Department of Surgical & Radiological Sciences, University of California, Davis, CA, USA
Keratoconjunctivitis sicca (KCS), or “dry eye,” is a common disease of dogs that, since the introduction of cyclosporine, is usually relatively easily managed. Here, we briefly discuss routine management of KCS but then emphasize those patients where cyclosporine (alone) seems relatively ineffective. How are they best diagnosed? What are the potential causes of such cases? Are all cases of dry eye due to aqueous deficiency only? And what is the latest in therapy?
My five main treatment goals:
1. Diagnose and treat the underlying cause if possible. (Especially in patients unresponsive to cyclosporine.)
2. Minimize further tear loss and maximize tear distribution.
3. Stimulate endogenous tear production.
4. Supplement the tear film in a manner that considers which of the components is deficient.
5. +/- Treat or prevent secondary infection.

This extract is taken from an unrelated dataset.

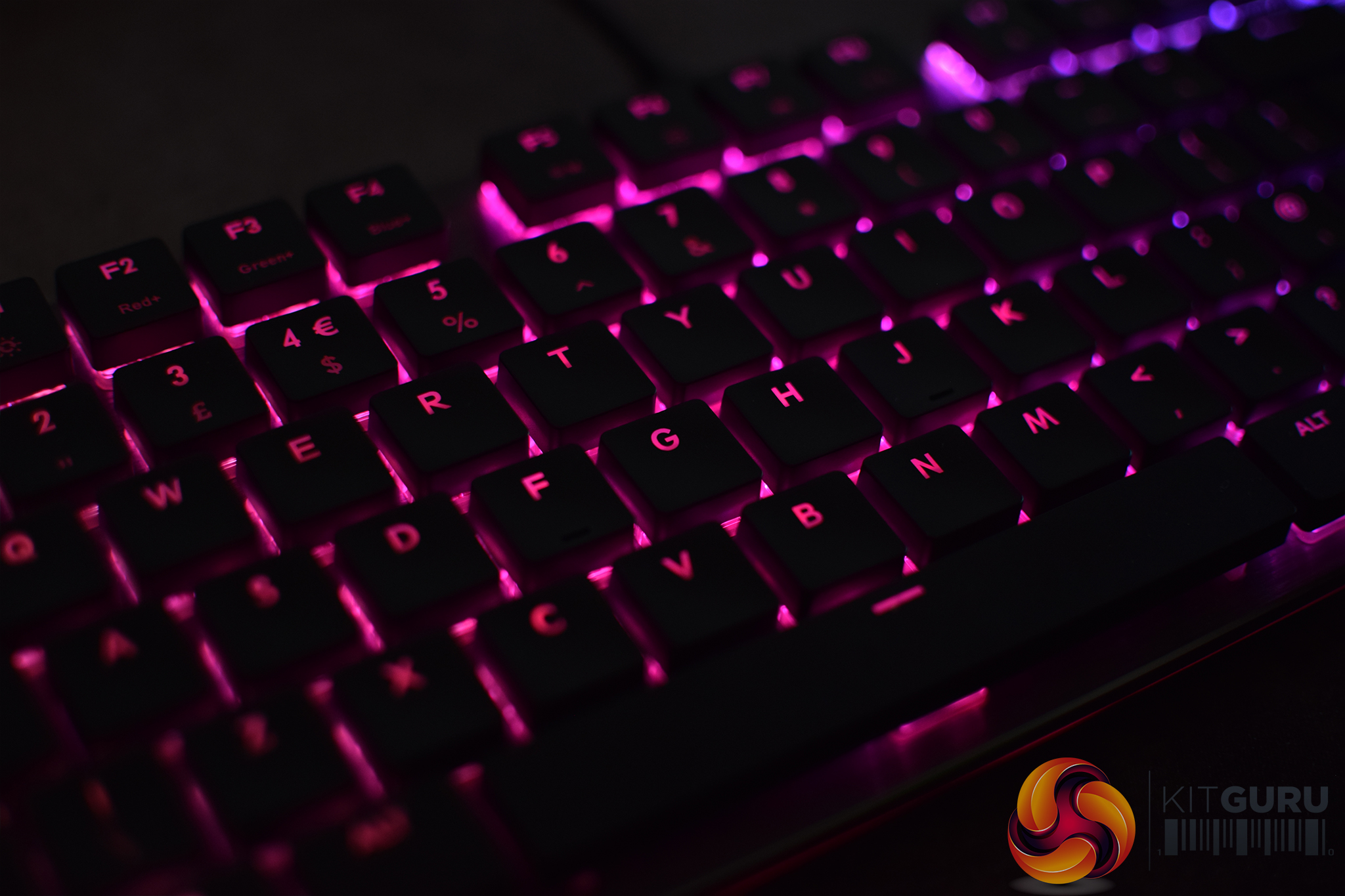Now, as for the lighting, I have to say Cooler Master's per-key implementation looks really good. There's a range of effects to choose from – including rainbow wave, rain, ripple and so on – and overall brightness is good. The LEDs are still positioned at the top of the switches, so the small secondary icons on the functions keys aren't lit too well, but they are still legible.

Cyclosporine remains the mainstay of therapy in my practice. In addition to its ability to reduce immune-mediated infiltration of the lacrimal gland (the most common cause of KCS in dogs), it has a direct lacrimogenic function, and it promotes mucin production from conjunctival goblet cells. Its direct lacrimogenic function appears to rely on frequent application, while immunosuppression and remodelling of glandular tissue presumably require more chronic use. Therefore, in most cases this drug should be instituted twice daily and the patient rechecked in approximately 2 weeks. It is important that the client be instructed to apply cyclosporine as scheduled right up until the time of recheck examination. Omitting the morning treatment because the dog was going to be examined later that day may cause an artificial depression in Schirmer tear test (STT) values. Clients should also be advised that initial response to therapy is best judged by change in STT values, mucoid discharge, and ocular comfort, rather than decrease in pigmentation or corneal vascularization. Improvement in these corneal changes occurs at a similar rate to that which they occurred—slowly.

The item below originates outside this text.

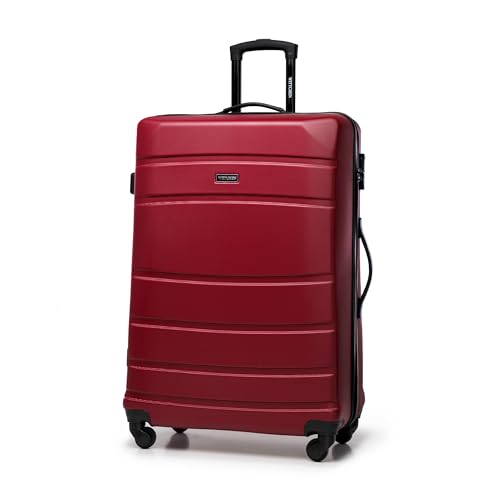 ROYALTY LINE, Set med 3 resväskor, styv ABS Ultralätt 4 360° svängbara hjul - Storlek S 55x38x18cm, M 67x44x24cm, L 76x49x28cm, Dubbla remmar, Kombinationslås, Förstärkta handtag, Röd

Tapering of dose frequency or product concentration is typically not possible and should be based on clinical and measured (STT) responses. Failure to respond to 0.2% cyclosporine BID is a reason to trial a higher concentration such as 1% or 2%. In my experience, increased frequency beyond BID does not have a satisfactory effect.
Tacrolimus acts by a similar mechanism to cyclosporine but is more potent and operates via a different cellular receptor. It is effective in some dogs that are unresponsive to cyclosporine. I typically have it compounded as a 0.03% suspension in oil. An FDA alert in the USA suggests that topical application of this drug as a dermatologic preparation in humans, especially children, may be associated with development of lymphoma or squamous cell carcinoma. The FDA recommends that tacrolimus be used only when other drugs have failed or not been tolerated, and then with caution. I follow this guideline for our veterinary patients. Consider recommending that clients wear gloves when handling this product and that children do not administer the drug to their pets.
Ocular surface inflammation is a central component of dry-eye pathophysiology. Therefore, potent penetrating, topical steroids such as dexamethasone or prednisolone may help but caution is required since dry eyes are more prone to ulceration.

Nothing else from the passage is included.